• _EXERCISE DETAILS_
Apart from the pictures, every part of the records below gets retyped exactly.

Items from a dataset
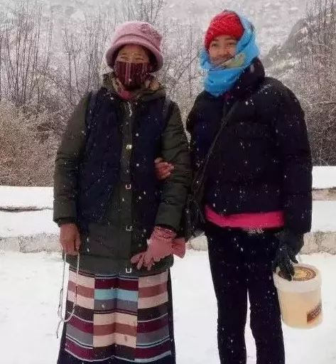 之后上了哲蚌寺,阿嬷教我们如何用青稞与小麦抛洒祈福。伴随着飘落的雪花,小姐姐搀扶着阿嬷慢慢的走,我们跟在后边。这个画面,很温馨!
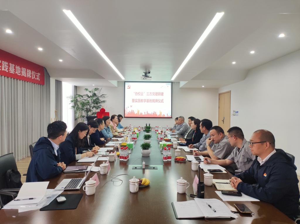 王进波、吴晓明、薛瑞宣和林巧共同为实践教学基地揭牌。王进波表示,此次党建联建开启了院企协合作的新模式,以党建为媒,希望能聚合院企协三方力量共谋更深层次合作;通过实践教育基地的建设,希望能实现人才培养、实习就业等方面的深度对接;通过此次活动,希望带动更多教师和企业互动,结出更丰硕果实。
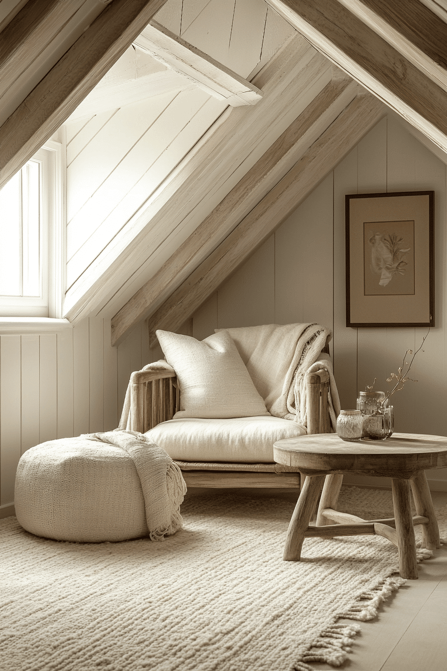 Neutral tones create a soft and welcoming environment in small attic room ideas that feel calm and cozy. Shades of cream, beige, and taupe open up the space visually. Comfortable seating and warm lighting add relaxation. Simple decor keeps everything balanced. Clever storage maintains a clean look. Discover more small attic room ideas with soothing tones.
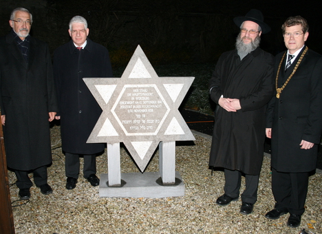Erinnerung an Pogrom vor 72 Jahren: Regierungspräsident Dr. Paul Beinhofer, Dr. Josef Schuster, Rabbiner Jakov Ebert und Oberbürgermeister Georg Rosenthal am Platz der ehemaligen Synagoge in der Domerschulstraße. Foto: Georg Wagenbrenner |
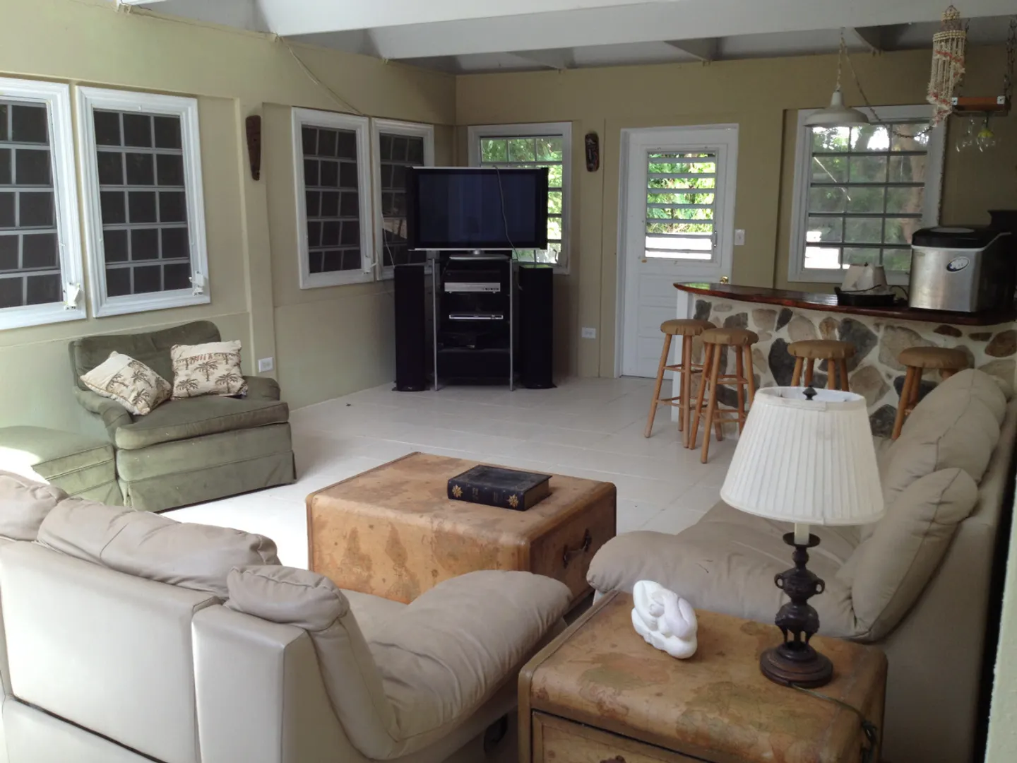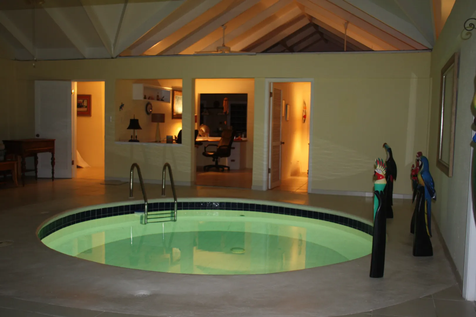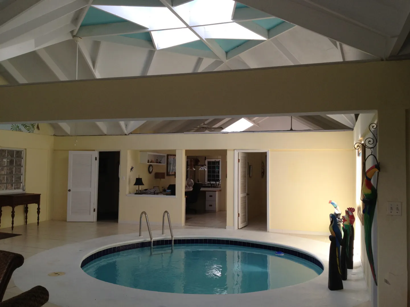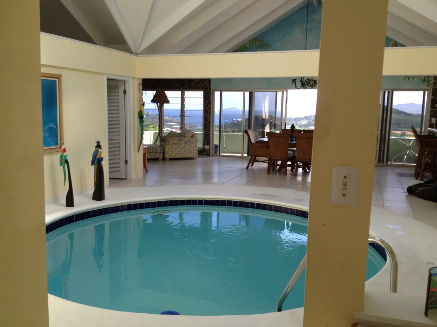 This very unique and spacious home is a delight to the senses! Huge open floor plan, ''dual'' office, pool in center of house, awesome views, pool table, mahogany bar in ''entertainment room,'' 3 bedrooms, each with private full bath. Has large back patio and nice gallery in front. Not well suited for families with small children due to indoor pool. Owner is licensed VI RE agent
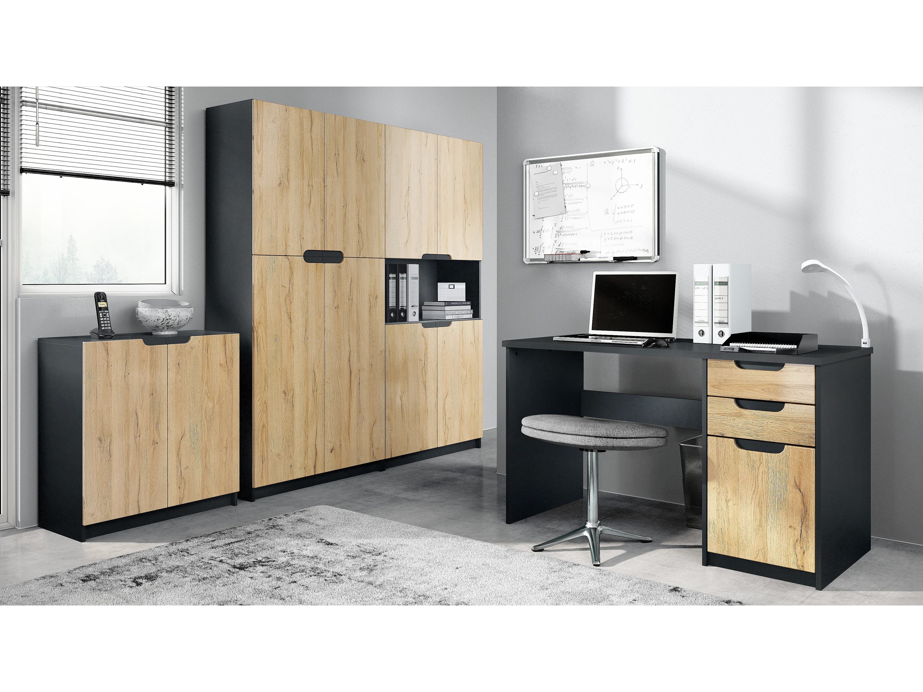 Ensemble de meubles de bureau Armoire Commode Rangement Logan, Corps en noir mat / Façades en chêne nature
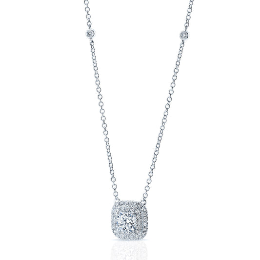 Diamond Double Entourage Cushion Cut Pendant In 18k White Gold (h&a)
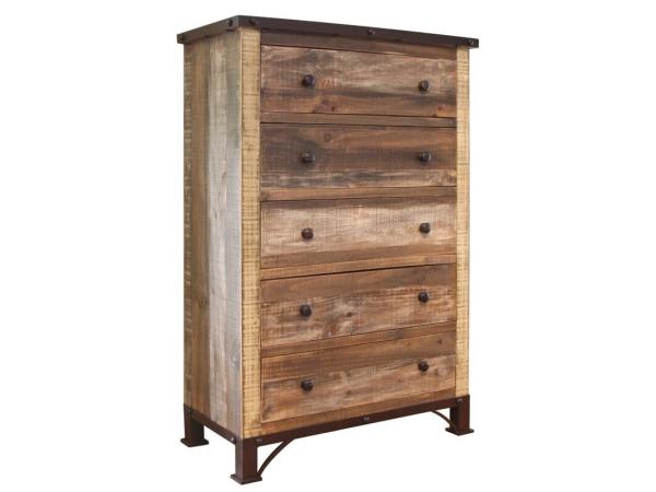 The Loft Brown Collection is constructed using pine wood that has been hand-stained and distressed, complemented by hand-forged iron hardware.
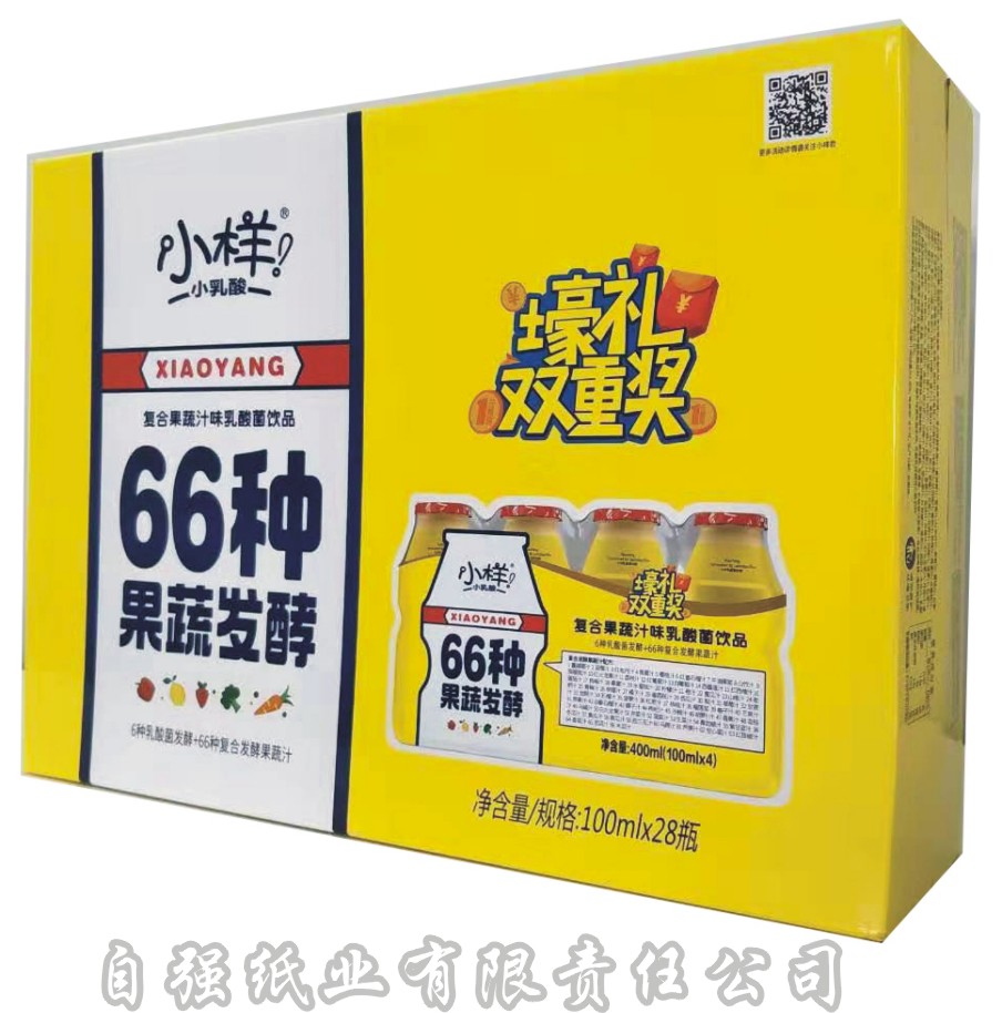 自強包裝擁有1.8米7層高速瓦楞紙板線1條、1.8米2層高速瓦楞紙板線1條、全自動8色預印機1臺、自動4色至5色高速水墨印刷機3臺、全自動5色至5+1膠印機2臺、全自動粘箱機2臺、全自動粘釘機1臺、全自動裱紙機2臺、全自動模切機3臺、全自動覆膜機1臺、UV上光機一臺,日紙板產能達到40萬平方米以上、日紙箱產能達到50萬件以上。
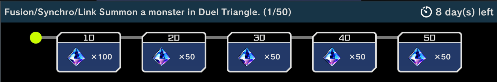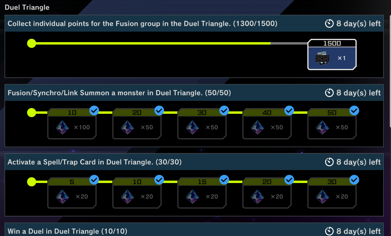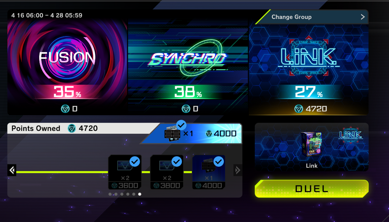 #1184: Why Aren't You Playing Links Yet editionPrevious: >>563811458Yu-Gi-Oh! Master Duel is an online multiplayer videogame using the Master Rule Format.>Offline Modhttps://github.com/pixeltris/YgoMaster>Other Modshttps://www.nexusmods.com/yugiohmasterduel/mods/>Current PacksSelection:Challenger's Selection (Staples)The Frenzied Tuning (Kewl Tune, Rose, R.B.)Generation of Bravery (Masked Hero, Magnet Warrior, Illusion Gate)The Drastic Storm (DoomZ, Radiant Typhoon, /Assault, Gouki)Secret:Transmigration Reactor (Materiactor, Full Armored, Rank 3)Transfigured Heroes (AA M Hero Dark Law, Mask Change)Shrouded Heroes (AA D Hero Plasma)Darkest Magics (AA Dark Magician, Secrets of Dark Magic, Dark Magical Circle)>Current EventsDuel Triangle Fusion/Synchro/Link Apr 15th - Apr 27th1500 Days since Launch Campaign until Apr 23rd>BundlesKewl Tune Collection - 2000 GemsDestiny HERO Collection - 2000 Gems4th Anni: Dark Magician Collection - 1800 GemsUseful resources for info on Decklists, Events, etc.>YGOPro Deckhttps://ygoprodeck.com/category/master-duel-decks/>Road of the Kinghttps://roadoftheking.com/>Appmedia (only in Jap)https://appmedia.jp/master_duel>List of Secret Packshttps://yugipedia.com/wiki/Secret_Pack>Official Master Duel Pagehttps://www.konami.com/yugioh/masterduel/en/>Yu-Gi-Oh! Probability Calculatorhttps://yugioh.otterlord.dev>Small World Helphttps://small-world.yugioh-api.com/resolve>New Player Guidehttps://files.catbox.moe/95jg6n.jpg>Master Duel Metahttps://www.masterduelmeta.com/
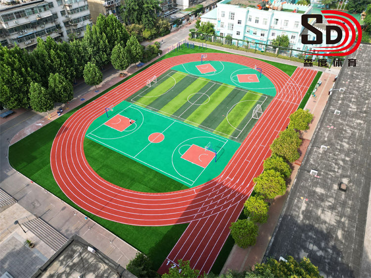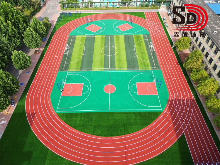 工程内容:13mm透气型跑道及5mm硅PU球场
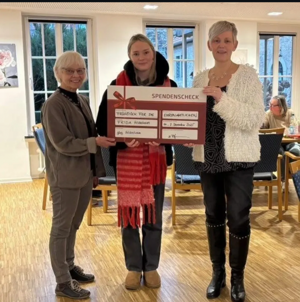 Helga Kassebom ließ in ihrer Rede die Geschichte von FRIDA Revue passieren: von den Anfängen, über die vielen Herausforderungen und Erfolge bis hin zu dem, was heute daraus gewachsen ist – ein Netzwerk aus Menschlichkeit, Unterstützung, Gemeinschaft und ehrenamtlichem Engagement. Bei Kaffee und einem reichhaltigen Kuchenbuffet wurde geplaudert, gelacht und erinnert.

• _RESPONSE TO THE TASK_
 之后上了哲蚌寺,阿嬷教我们如何用青稞与小麦抛洒祈福。伴随着飘落的雪花,小姐姐搀扶着阿嬷慢慢的走,我们跟在后边。这个画面,很温馨!
 王进波、吴晓明、薛瑞宣和林巧共同为实践教学基地揭牌。王进波表示,此次党建联建开启了院企协合作的新模式,以党建为媒,希望能聚合院企协三方力量共谋更深层次合作;通过实践教育基地的建设,希望能实现人才培养、实习就业等方面的深度对接;通过此次活动,希望带动更多教师和企业互动,结出更丰硕果实。
 Neutral tones create a soft and welcoming environment in small attic room ideas that feel calm and cozy. Shades of cream, beige, and taupe open up the space visually. Comfortable seating and warm lighting add relaxation. Simple decor keeps everything balanced. Clever storage maintains a clean look. Discover more small attic room ideas with soothing tones.
Erinnerung an Pogrom vor 72 Jahren: Regierungspräsident Dr. Paul Beinhofer, Dr. Josef Schuster, Rabbiner Jakov Ebert und Oberbürgermeister Georg Rosenthal am Platz der ehemaligen Synagoge in der Domerschulstraße. Foto: Georg Wagenbrenner |
 This very unique and spacious home is a delight to the senses! Huge open floor plan, ''dual'' office, pool in center of house, awesome views, pool table, mahogany bar in ''entertainment room,'' 3 bedrooms, each with private full bath. Has large back patio and nice gallery in front. Not well suited for families with small children due to indoor pool. Owner is licensed VI RE agent
 Ensemble de meubles de bureau Armoire Commode Rangement Logan, Corps en noir mat / Façades en chêne nature
 Diamond Double Entourage Cushion Cut Pendant In 18k White Gold (h&a)
 The Loft Brown Collection is constructed using pine wood that has been hand-stained and distressed, complemented by hand-forged iron hardware.
 自強包裝擁有1.8米7層高速瓦楞紙板線1條、1.8米2層高速瓦楞紙板線1條、全自動8色預印機1臺、自動4色至5色高速水墨印刷機3臺、全自動5色至5+1膠印機2臺、全自動粘箱機2臺、全自動粘釘機1臺、全自動裱紙機2臺、全自動模切機3臺、全自動覆膜機1臺、UV上光機一臺,日紙板產能達到40萬平方米以上、日紙箱產能達到50萬件以上。
 #1184: Why Aren't You Playing Links Yet editionPrevious: >>563811458Yu-Gi-Oh! Master Duel is an online multiplayer videogame using the Master Rule Format.>Offline Modhttps://github.com/pixeltris/YgoMaster>Other Modshttps://www.nexusmods.com/yugiohmasterduel/mods/>Current PacksSelection:Challenger's Selection (Staples)The Frenzied Tuning (Kewl Tune, Rose, R.B.)Generation of Bravery (Masked Hero, Magnet Warrior, Illusion Gate)The Drastic Storm (DoomZ, Radiant Typhoon, /Assault, Gouki)Secret:Transmigration Reactor (Materiactor, Full Armored, Rank 3)Transfigured Heroes (AA M Hero Dark Law, Mask Change)Shrouded Heroes (AA D Hero Plasma)Darkest Magics (AA Dark Magician, Secrets of Dark Magic, Dark Magical Circle)>Current EventsDuel Triangle Fusion/Synchro/Link Apr 15th - Apr 27th1500 Days since Launch Campaign until Apr 23rd>BundlesKewl Tune Collection - 2000 GemsDestiny HERO Collection - 2000 Gems4th Anni: Dark Magician Collection - 1800 GemsUseful resources for info on Decklists, Events, etc.>YGOPro Deckhttps://ygoprodeck.com/category/master-duel-decks/>Road of the Kinghttps://roadoftheking.com/>Appmedia (only in Jap)https://appmedia.jp/master_duel>List of Secret Packshttps://yugipedia.com/wiki/Secret_Pack>Official Master Duel Pagehttps://www.konami.com/yugioh/masterduel/en/>Yu-Gi-Oh! Probability Calculatorhttps://yugioh.otterlord.dev>Small World Helphttps://small-world.yugioh-api.com/resolve>New Player Guidehttps://files.catbox.moe/95jg6n.jpg>Master Duel Metahttps://www.masterduelmeta.com/
 工程内容:13mm透气型跑道及5mm硅PU球场
 Helga Kassebom ließ in ihrer Rede die Geschichte von FRIDA Revue passieren: von den Anfängen, über die vielen Herausforderungen und Erfolge bis hin zu dem, was heute daraus gewachsen ist – ein Netzwerk aus Menschlichkeit, Unterstützung, Gemeinschaft und ehrenamtlichem Engagement. Bei Kaffee und einem reichhaltigen Kuchenbuffet wurde geplaudert, gelacht und erinnert.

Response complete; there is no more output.